** Opening Material for this exercise block **

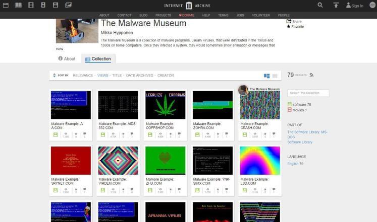 وهذا المتحف عبارة عن أرشيف يحتصنه موقع "أركايف.أورغ"، ويجمع أبرز البرامج الضارة في حقبة الثمانينيات والتسعينيات التي أصابت الحواسيب الشخصية المنزلية التي كانت تعمل بنظام التشغيل "دوس" (DOS)، وكانت بمجرد أن تصيب النظام تُظهر للمستخدم رسما متحركا طريفا أو رسالة بأن حاسوبه أصيب.
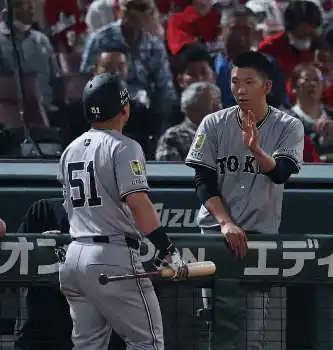 <広・巨>5回、ソロを放ち浅野(右)とタッチを交わすリチャード(撮影・光山 貴大)
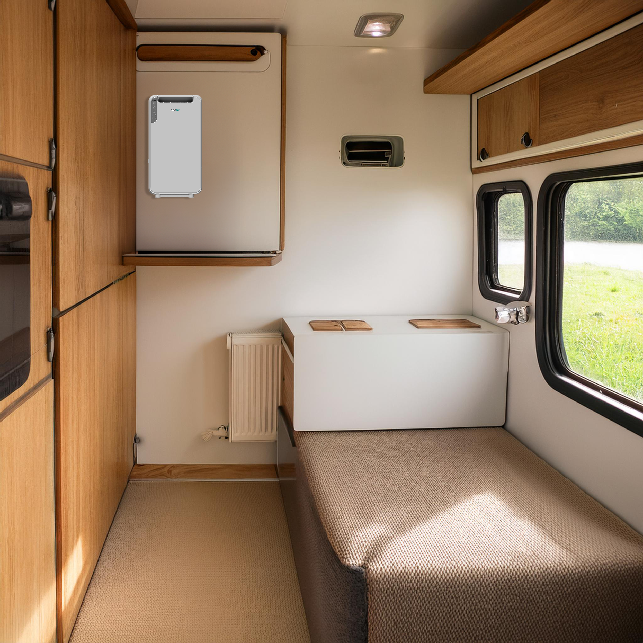 EcoAir Piccola Adsorptionstrockner ist ein kompakter Trockenmittel-Luftentfeuchter, der sowohl als Standgerät als auch zur Wandmontage verwendet werden kann. Der kompakte Luftentfeuchter arbeitet mit einem Adsorptionsmittel anstelle eines Kompressors. Das Gerät entzieht bereits bei niedrigen Temperaturen (Arbeitsbereich 1 - 40 °C) bis zu 5 Liter Feuchtigkeit pro Tag und eignet sich daher besonders für den Einsatz in unbeheizten oder ungedämmten Räumen (bis 45 m²). Ein energieeffizienter Entfeuchter (E7-Technologie) hat die Schutzklasse IP24 (wasserdicht) und kann über das benutzerfreundliche Display bedient werden. Das entzogene Wasser wird entweder im Wassertank (1,5 Liter) gesammelt oder kann über einen Kondensatanschluss abgeleitet werden. Piccola ist ein Leichtgewicht (4 kg), arbeitet geräuscharm und ist mit einem einem antibakteriellen Filter (Nano-Silberfilter) zur Luftreinigung ausgestattet.
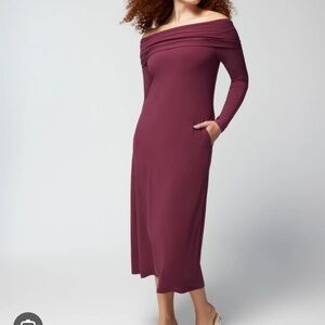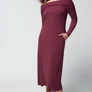 Style Tags: Soma Matte Jersey Midi Bra Dress Size Large Jersey knit off shoulder soma dress large cranberry
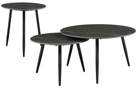 Creatively designed to complement your modern living room, the Alaina Collection’s streamlined profile pairs three occasional tables for a cohesive presentation. Conveniently packaged together, the nesting round cocktail tables and round end table feature black marble-inspired sintered stone tops and black finished metal legs.Read More
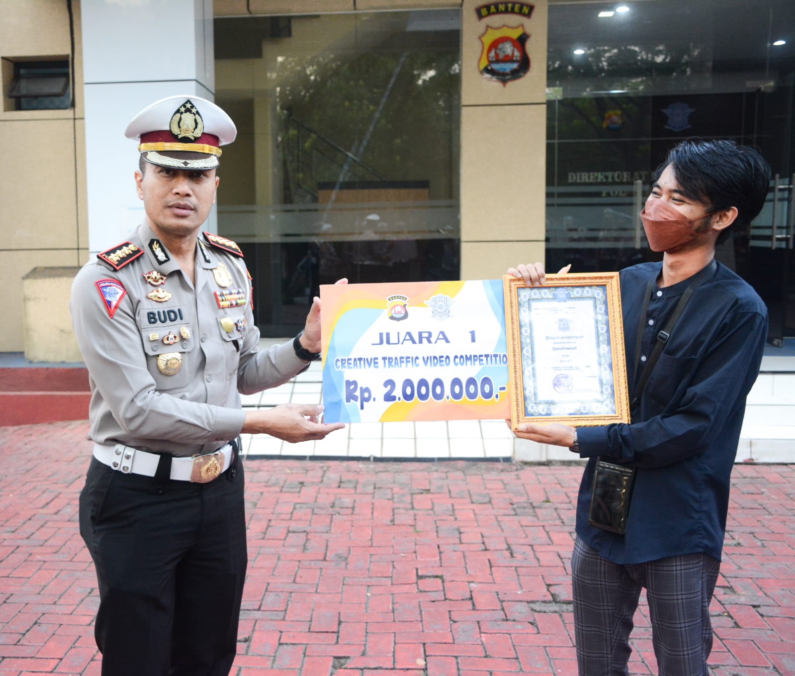 Setelah pelaksanaan apel pagi Dirlantas Polda Banten Kombes Pol Budi Mulyanto didampingi oleh Wadirlantas Polda Banten AKBP Alfaris Pattiwael memberikan piagam dan hadiah kepada pemenang Juara Lomba Creative Traffic Video Competition yang diselenggarakan oleh Ditlantas Polda Banten. (Bidhumas).
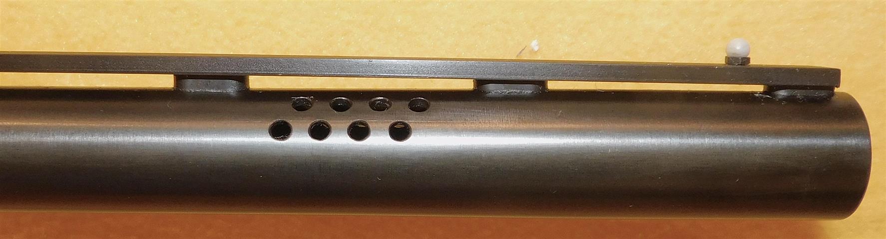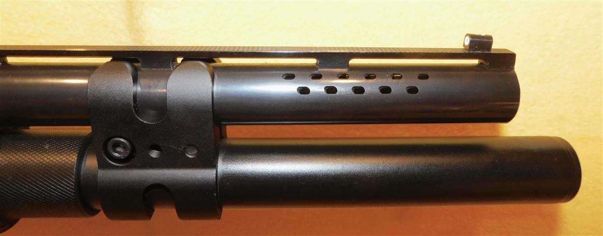 REMINGTON 1100 (CUSTOM) IN 12 GA. CAL., WITH 18 .5" BARREL. COLOR BLUE. CONDITION 98%+ LIKE NEW. SERIAL NUMBER M554709V. REMINGTON MODEL 1100 ULTIMATE TACTICAL COMPETITION SHOTGUN (ALL WORK PERFORMED BY MICHAEL A. LAROCCA MASTER GUNSMITH, WORCESTER MASSACHUSETTS) IN 12 GUAGE CALIBER (2 ¾” CHAMBER), SHORTENED VENT RIB WITH TRITIUM FRONT SIGHT MAG-NA-PORTED MIRROR BORE BARREL, CUSTOM CUT EXTENDED MAGAZINE TUBE, SPEED LOAD GATE, COMBAT BOLT HANDLE, MERCURY RECOIL SUPPRESSOR, WANUT CHECKERED STOCK AND FORE ARM EXCELLENT, 98%+ LIKE NEW OVERALL CONDITION, OUR STOCK # D7764. OUR OLD STOCK # YA15959

** Closing Material for this exercise block **

Return every entry word for word, but drop any pictures.

Solution ▸
 وهذا المتحف عبارة عن أرشيف يحتصنه موقع "أركايف.أورغ"، ويجمع أبرز البرامج الضارة في حقبة الثمانينيات والتسعينيات التي أصابت الحواسيب الشخصية المنزلية التي كانت تعمل بنظام التشغيل "دوس" (DOS)، وكانت بمجرد أن تصيب النظام تُظهر للمستخدم رسما متحركا طريفا أو رسالة بأن حاسوبه أصيب.
 <広・巨>5回、ソロを放ち浅野(右)とタッチを交わすリチャード(撮影・光山 貴大)
 EcoAir Piccola Adsorptionstrockner ist ein kompakter Trockenmittel-Luftentfeuchter, der sowohl als Standgerät als auch zur Wandmontage verwendet werden kann. Der kompakte Luftentfeuchter arbeitet mit einem Adsorptionsmittel anstelle eines Kompressors. Das Gerät entzieht bereits bei niedrigen Temperaturen (Arbeitsbereich 1 - 40 °C) bis zu 5 Liter Feuchtigkeit pro Tag und eignet sich daher besonders für den Einsatz in unbeheizten oder ungedämmten Räumen (bis 45 m²). Ein energieeffizienter Entfeuchter (E7-Technologie) hat die Schutzklasse IP24 (wasserdicht) und kann über das benutzerfreundliche Display bedient werden. Das entzogene Wasser wird entweder im Wassertank (1,5 Liter) gesammelt oder kann über einen Kondensatanschluss abgeleitet werden. Piccola ist ein Leichtgewicht (4 kg), arbeitet geräuscharm und ist mit einem einem antibakteriellen Filter (Nano-Silberfilter) zur Luftreinigung ausgestattet.
 Style Tags: Soma Matte Jersey Midi Bra Dress Size Large Jersey knit off shoulder soma dress large cranberry
 Creatively designed to complement your modern living room, the Alaina Collection’s streamlined profile pairs three occasional tables for a cohesive presentation. Conveniently packaged together, the nesting round cocktail tables and round end table feature black marble-inspired sintered stone tops and black finished metal legs.Read More
 Setelah pelaksanaan apel pagi Dirlantas Polda Banten Kombes Pol Budi Mulyanto didampingi oleh Wadirlantas Polda Banten AKBP Alfaris Pattiwael memberikan piagam dan hadiah kepada pemenang Juara Lomba Creative Traffic Video Competition yang diselenggarakan oleh Ditlantas Polda Banten. (Bidhumas).
 REMINGTON 1100 (CUSTOM) IN 12 GA. CAL., WITH 18 .5" BARREL. COLOR BLUE. CONDITION 98%+ LIKE NEW. SERIAL NUMBER M554709V. REMINGTON MODEL 1100 ULTIMATE TACTICAL COMPETITION SHOTGUN (ALL WORK PERFORMED BY MICHAEL A. LAROCCA MASTER GUNSMITH, WORCESTER MASSACHUSETTS) IN 12 GUAGE CALIBER (2 ¾” CHAMBER), SHORTENED VENT RIB WITH TRITIUM FRONT SIGHT MAG-NA-PORTED MIRROR BORE BARREL, CUSTOM CUT EXTENDED MAGAZINE TUBE, SPEED LOAD GATE, COMBAT BOLT HANDLE, MERCURY RECOIL SUPPRESSOR, WANUT CHECKERED STOCK AND FORE ARM EXCELLENT, 98%+ LIKE NEW OVERALL CONDITION, OUR STOCK # D7764. OUR OLD STOCK # YA15959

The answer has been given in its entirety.